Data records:
=====
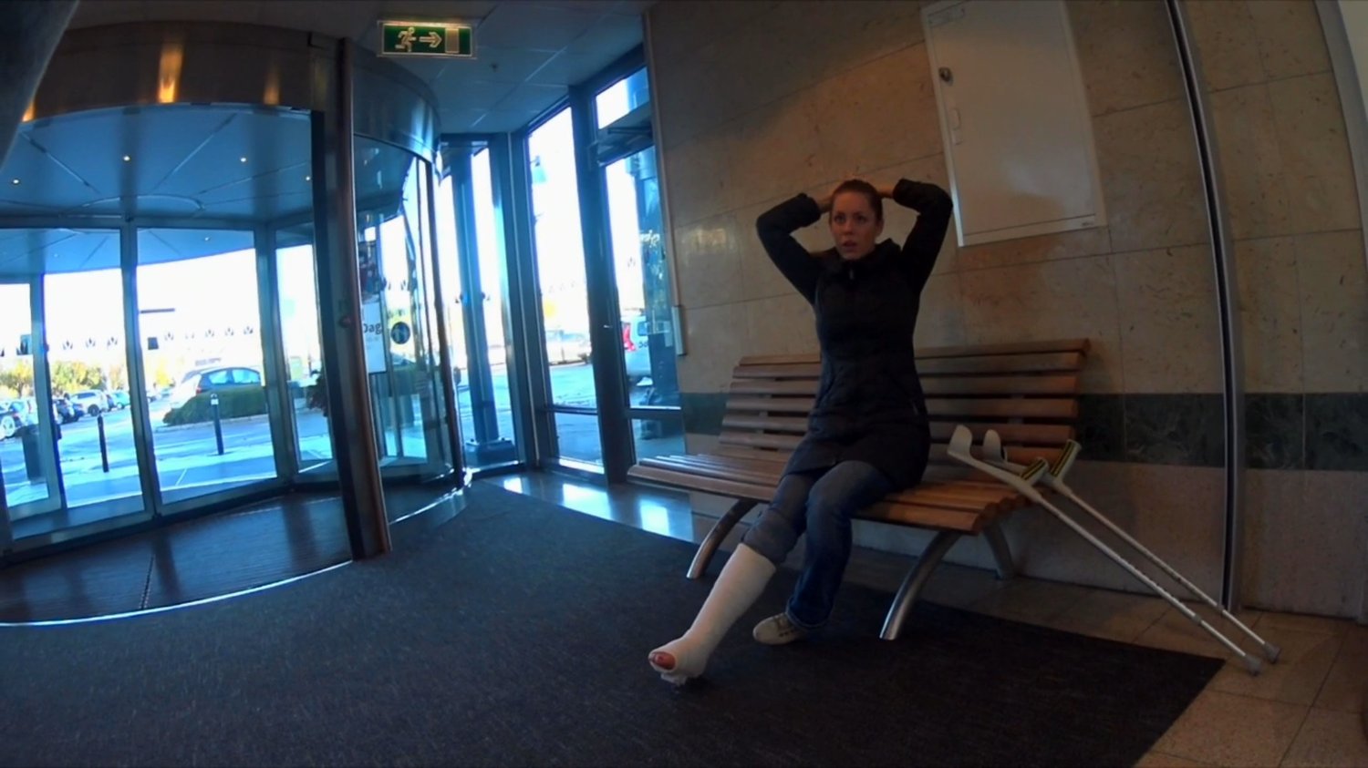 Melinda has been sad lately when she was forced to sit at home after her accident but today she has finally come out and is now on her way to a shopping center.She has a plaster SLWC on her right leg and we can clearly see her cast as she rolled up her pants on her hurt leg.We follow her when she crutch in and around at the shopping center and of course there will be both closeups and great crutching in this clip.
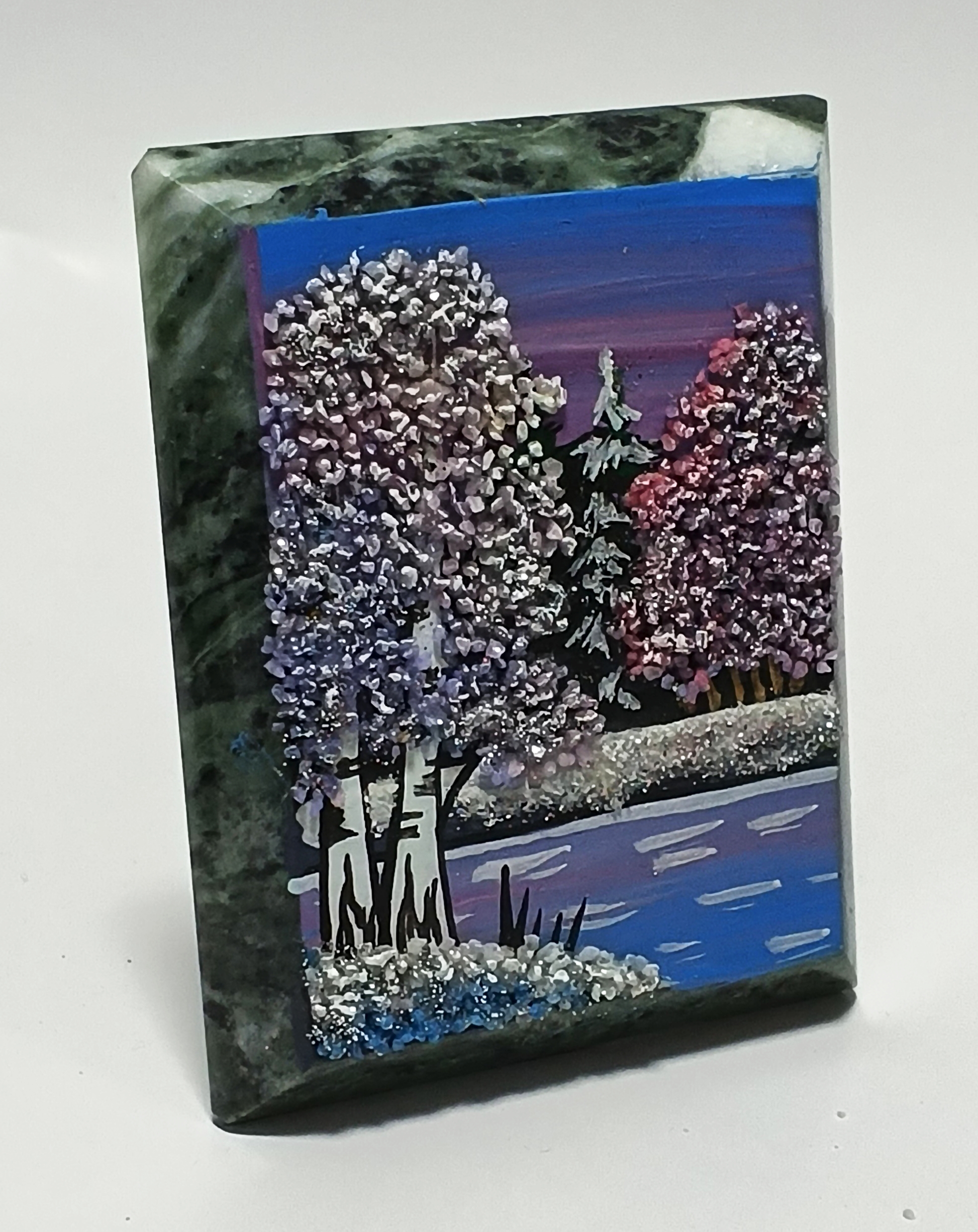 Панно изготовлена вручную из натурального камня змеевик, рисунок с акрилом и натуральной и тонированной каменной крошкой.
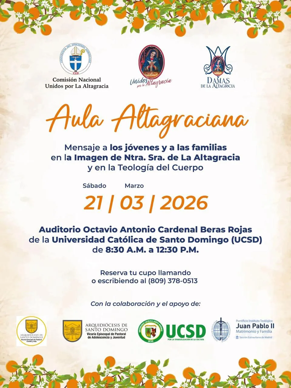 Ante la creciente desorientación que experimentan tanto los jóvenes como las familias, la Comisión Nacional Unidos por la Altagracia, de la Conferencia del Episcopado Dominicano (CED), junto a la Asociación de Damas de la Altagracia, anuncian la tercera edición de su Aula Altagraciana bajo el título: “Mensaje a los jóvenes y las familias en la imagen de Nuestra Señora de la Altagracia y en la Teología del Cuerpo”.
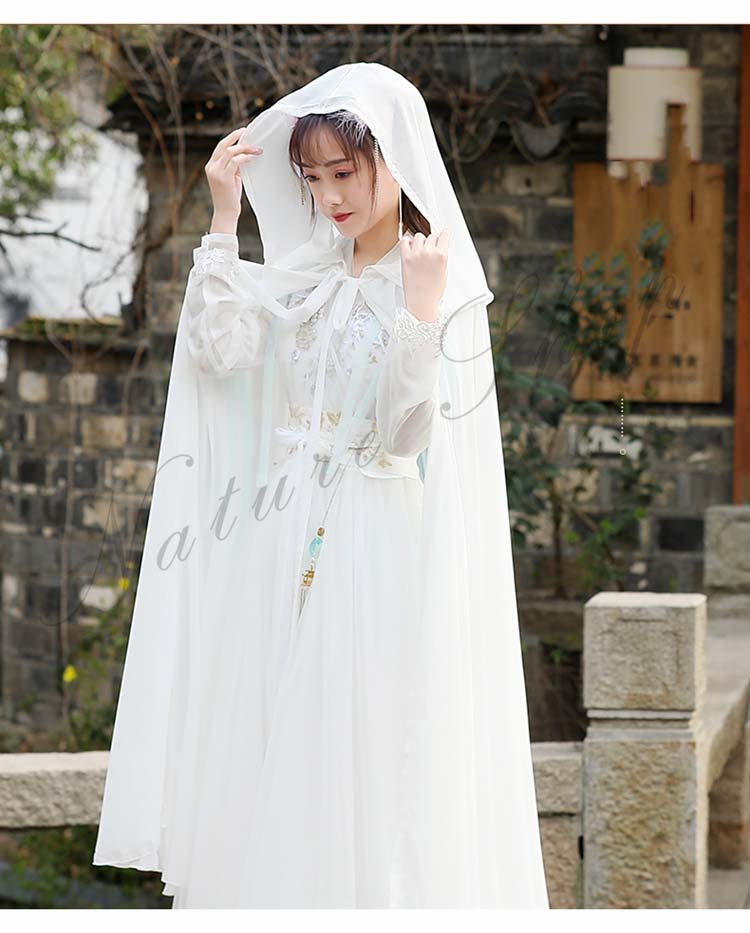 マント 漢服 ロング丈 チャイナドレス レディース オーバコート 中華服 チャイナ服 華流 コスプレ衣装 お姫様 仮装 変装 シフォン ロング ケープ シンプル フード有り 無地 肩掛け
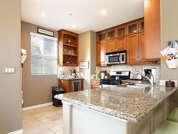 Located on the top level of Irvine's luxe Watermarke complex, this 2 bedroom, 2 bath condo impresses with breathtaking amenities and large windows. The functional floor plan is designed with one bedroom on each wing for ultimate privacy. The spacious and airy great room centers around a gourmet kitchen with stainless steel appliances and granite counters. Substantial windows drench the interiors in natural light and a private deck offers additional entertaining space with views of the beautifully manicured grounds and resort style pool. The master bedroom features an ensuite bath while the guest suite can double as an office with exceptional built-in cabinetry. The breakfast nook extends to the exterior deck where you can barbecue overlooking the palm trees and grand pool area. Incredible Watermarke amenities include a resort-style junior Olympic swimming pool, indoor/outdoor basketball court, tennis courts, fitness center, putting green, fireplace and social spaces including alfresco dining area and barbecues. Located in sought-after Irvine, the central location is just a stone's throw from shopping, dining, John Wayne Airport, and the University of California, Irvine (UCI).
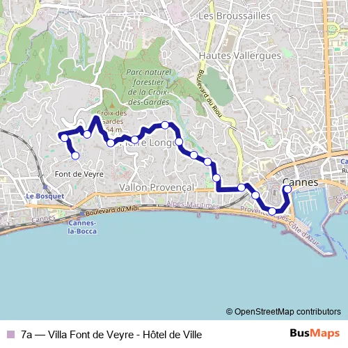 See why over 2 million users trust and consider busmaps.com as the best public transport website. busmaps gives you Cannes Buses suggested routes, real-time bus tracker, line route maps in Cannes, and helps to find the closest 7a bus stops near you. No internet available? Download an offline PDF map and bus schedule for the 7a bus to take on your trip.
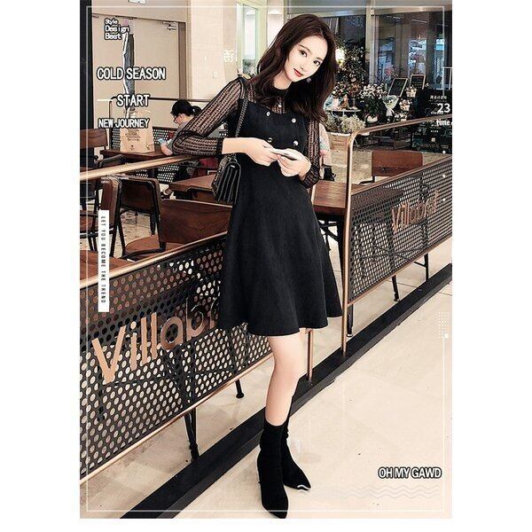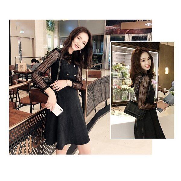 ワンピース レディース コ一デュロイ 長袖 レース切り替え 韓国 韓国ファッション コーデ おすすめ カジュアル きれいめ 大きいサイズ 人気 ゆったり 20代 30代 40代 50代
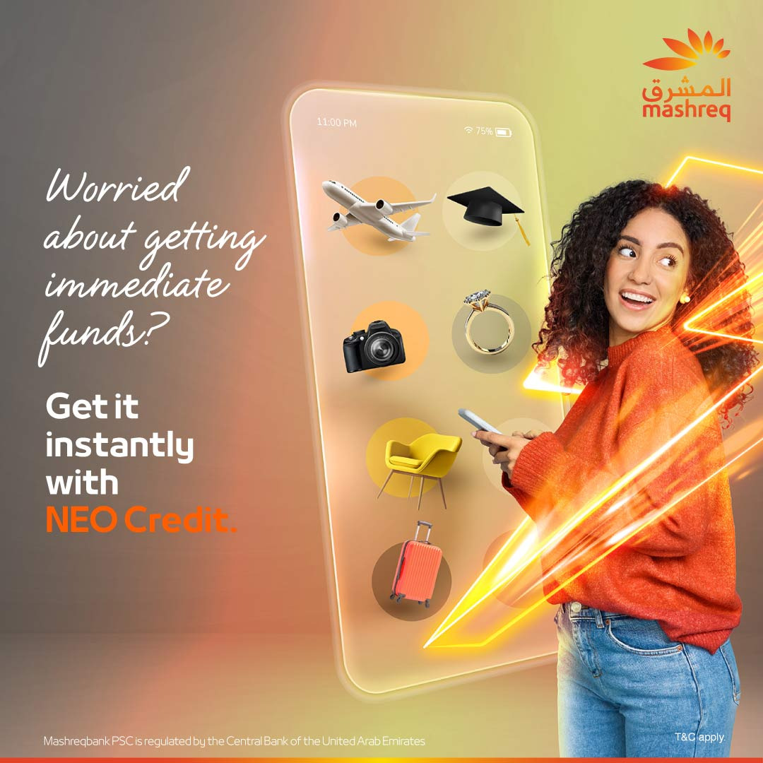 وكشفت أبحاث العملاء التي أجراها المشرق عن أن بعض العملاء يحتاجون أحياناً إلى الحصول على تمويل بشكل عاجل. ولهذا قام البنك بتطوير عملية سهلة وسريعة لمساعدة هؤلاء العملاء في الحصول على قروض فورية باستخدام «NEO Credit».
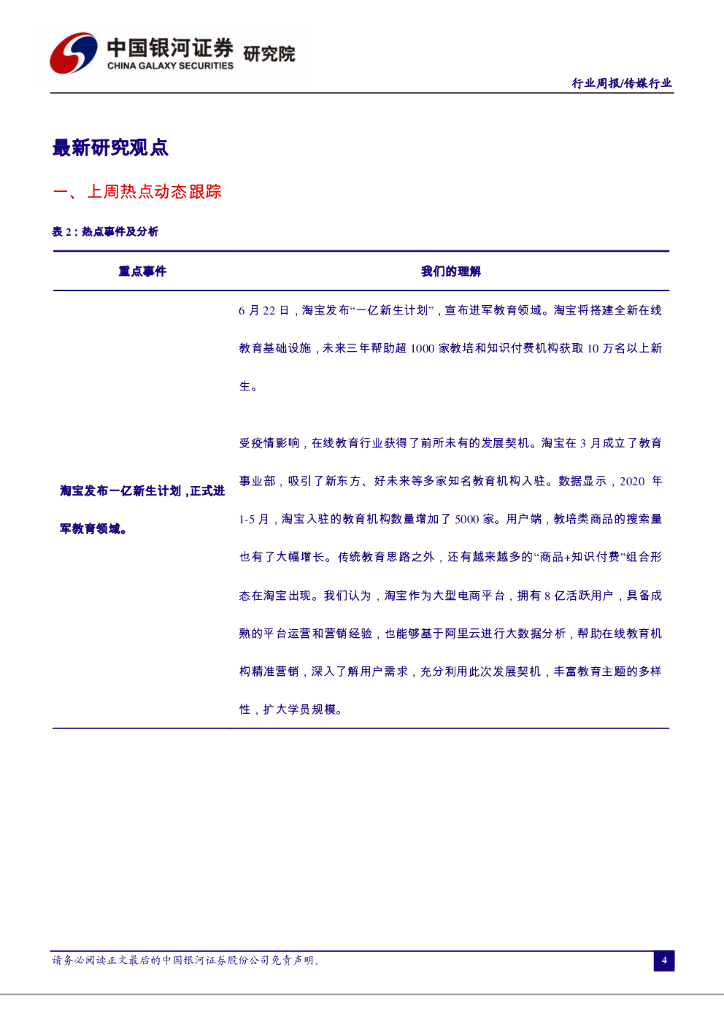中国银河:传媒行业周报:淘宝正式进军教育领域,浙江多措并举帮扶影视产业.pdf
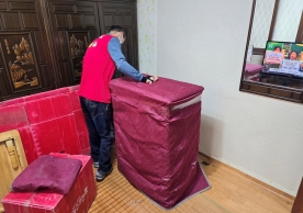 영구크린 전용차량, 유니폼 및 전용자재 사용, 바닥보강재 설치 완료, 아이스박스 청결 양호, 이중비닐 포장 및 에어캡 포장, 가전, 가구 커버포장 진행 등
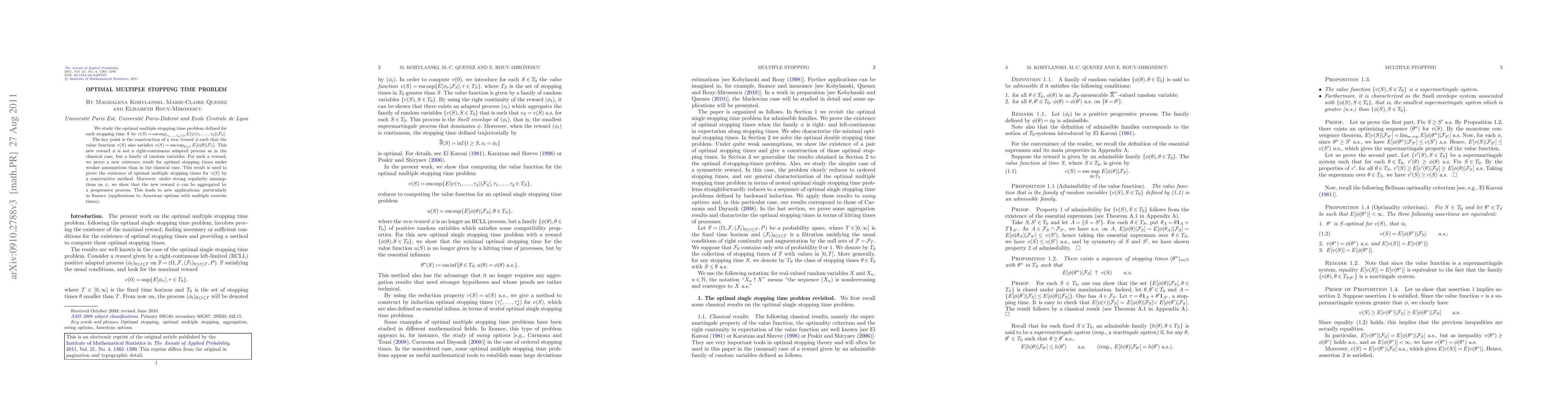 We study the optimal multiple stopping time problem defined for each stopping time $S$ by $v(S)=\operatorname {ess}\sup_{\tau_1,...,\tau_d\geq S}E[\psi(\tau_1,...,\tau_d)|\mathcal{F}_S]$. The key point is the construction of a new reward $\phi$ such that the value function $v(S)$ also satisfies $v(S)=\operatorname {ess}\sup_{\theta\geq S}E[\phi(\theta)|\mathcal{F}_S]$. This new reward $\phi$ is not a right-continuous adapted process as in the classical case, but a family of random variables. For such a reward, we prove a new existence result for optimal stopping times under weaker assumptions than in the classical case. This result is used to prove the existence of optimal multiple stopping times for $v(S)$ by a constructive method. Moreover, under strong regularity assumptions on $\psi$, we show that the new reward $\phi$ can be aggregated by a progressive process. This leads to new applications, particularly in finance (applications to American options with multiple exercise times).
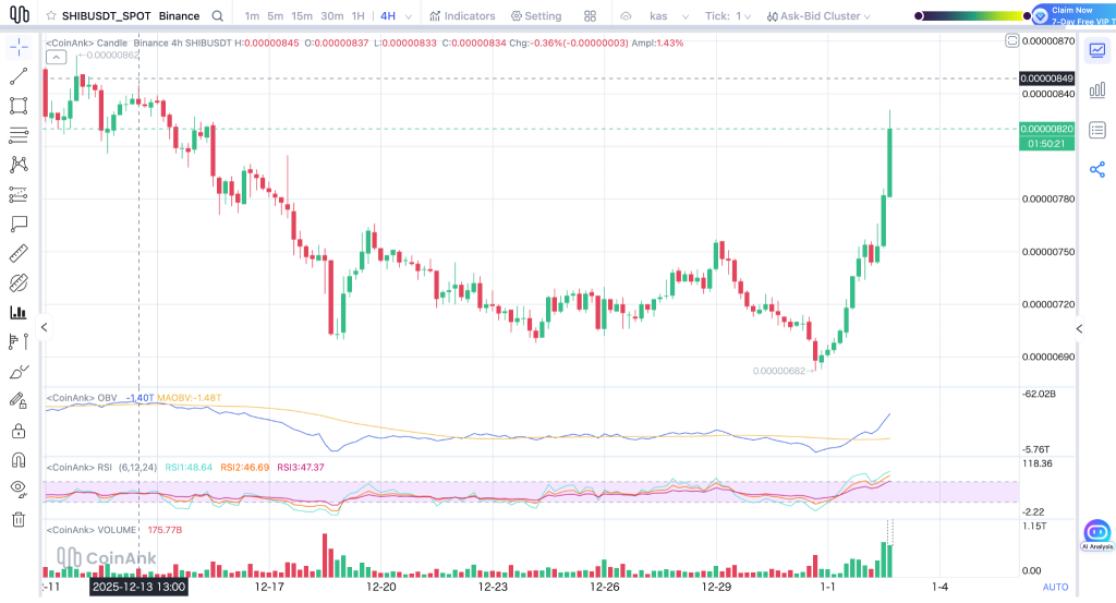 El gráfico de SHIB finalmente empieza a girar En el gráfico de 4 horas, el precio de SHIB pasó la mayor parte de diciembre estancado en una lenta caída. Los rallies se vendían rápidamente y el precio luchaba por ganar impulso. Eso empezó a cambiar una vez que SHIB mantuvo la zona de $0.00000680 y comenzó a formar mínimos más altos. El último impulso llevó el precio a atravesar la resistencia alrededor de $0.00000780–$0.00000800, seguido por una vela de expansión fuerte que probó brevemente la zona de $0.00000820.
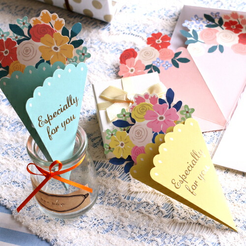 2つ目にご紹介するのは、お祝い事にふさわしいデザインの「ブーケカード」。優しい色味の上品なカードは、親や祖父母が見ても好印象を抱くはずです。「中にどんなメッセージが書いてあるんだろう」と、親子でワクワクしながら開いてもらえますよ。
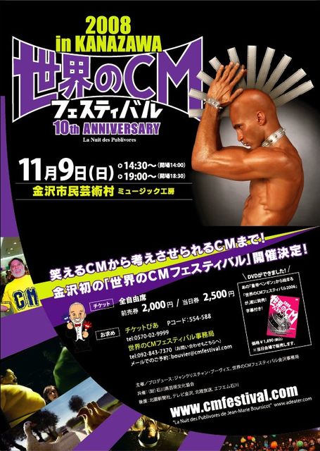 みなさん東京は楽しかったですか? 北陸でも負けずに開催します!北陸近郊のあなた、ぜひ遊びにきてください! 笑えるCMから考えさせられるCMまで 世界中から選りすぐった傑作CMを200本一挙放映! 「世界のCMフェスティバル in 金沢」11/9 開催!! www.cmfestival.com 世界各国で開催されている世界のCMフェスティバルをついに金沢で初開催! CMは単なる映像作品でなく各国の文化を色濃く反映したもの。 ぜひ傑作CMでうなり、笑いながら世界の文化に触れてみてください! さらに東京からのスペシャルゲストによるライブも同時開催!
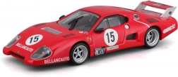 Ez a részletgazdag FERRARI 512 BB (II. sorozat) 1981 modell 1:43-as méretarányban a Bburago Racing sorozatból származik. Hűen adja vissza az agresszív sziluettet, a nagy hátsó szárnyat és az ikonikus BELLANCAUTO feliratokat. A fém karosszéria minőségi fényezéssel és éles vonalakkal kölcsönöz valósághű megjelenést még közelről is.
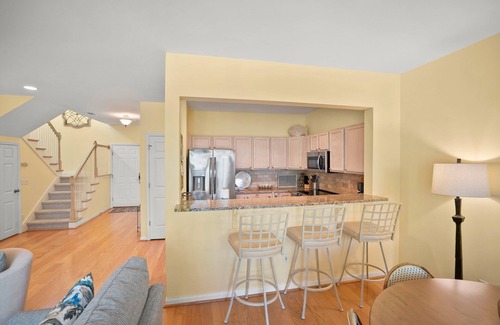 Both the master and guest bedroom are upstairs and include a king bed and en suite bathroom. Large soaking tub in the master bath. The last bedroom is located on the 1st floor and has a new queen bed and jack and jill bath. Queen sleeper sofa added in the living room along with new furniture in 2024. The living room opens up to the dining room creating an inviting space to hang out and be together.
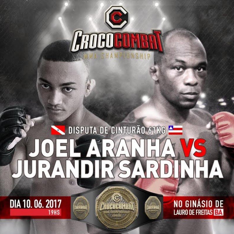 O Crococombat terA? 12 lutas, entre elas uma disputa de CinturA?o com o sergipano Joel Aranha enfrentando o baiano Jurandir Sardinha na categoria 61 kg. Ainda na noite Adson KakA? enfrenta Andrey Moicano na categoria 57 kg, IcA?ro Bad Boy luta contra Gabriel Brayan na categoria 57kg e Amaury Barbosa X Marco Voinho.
=====
▶ **Work to complete**
An exact copy is needed of the stretch above that opens with the line containing "El gráfico de SHIB" and closes with the line containing "笑えるCMから考えさせられるCMまで 世界中から選りすぐった傑作CMを200本一挙放映! 「世界のCMフェスティバル"; the pictures are not part of it.

▶ **The answer**
 El gráfico de SHIB finalmente empieza a girar En el gráfico de 4 horas, el precio de SHIB pasó la mayor parte de diciembre estancado en una lenta caída. Los rallies se vendían rápidamente y el precio luchaba por ganar impulso. Eso empezó a cambiar una vez que SHIB mantuvo la zona de $0.00000680 y comenzó a formar mínimos más altos. El último impulso llevó el precio a atravesar la resistencia alrededor de $0.00000780–$0.00000800, seguido por una vela de expansión fuerte que probó brevemente la zona de $0.00000820.
 2つ目にご紹介するのは、お祝い事にふさわしいデザインの「ブーケカード」。優しい色味の上品なカードは、親や祖父母が見ても好印象を抱くはずです。「中にどんなメッセージが書いてあるんだろう」と、親子でワクワクしながら開いてもらえますよ。
 みなさん東京は楽しかったですか? 北陸でも負けずに開催します!北陸近郊のあなた、ぜひ遊びにきてください! 笑えるCMから考えさせられるCMまで 世界中から選りすぐった傑作CMを200本一挙放映! 「世界のCMフェスティバル in 金沢」11/9 開催!! www.cmfestival.com 世界各国で開催されている世界のCMフェスティバルをついに金沢で初開催! CMは単なる映像作品でなく各国の文化を色濃く反映したもの。 ぜひ傑作CMでうなり、笑いながら世界の文化に触れてみてください! さらに東京からのスペシャルゲストによるライブも同時開催!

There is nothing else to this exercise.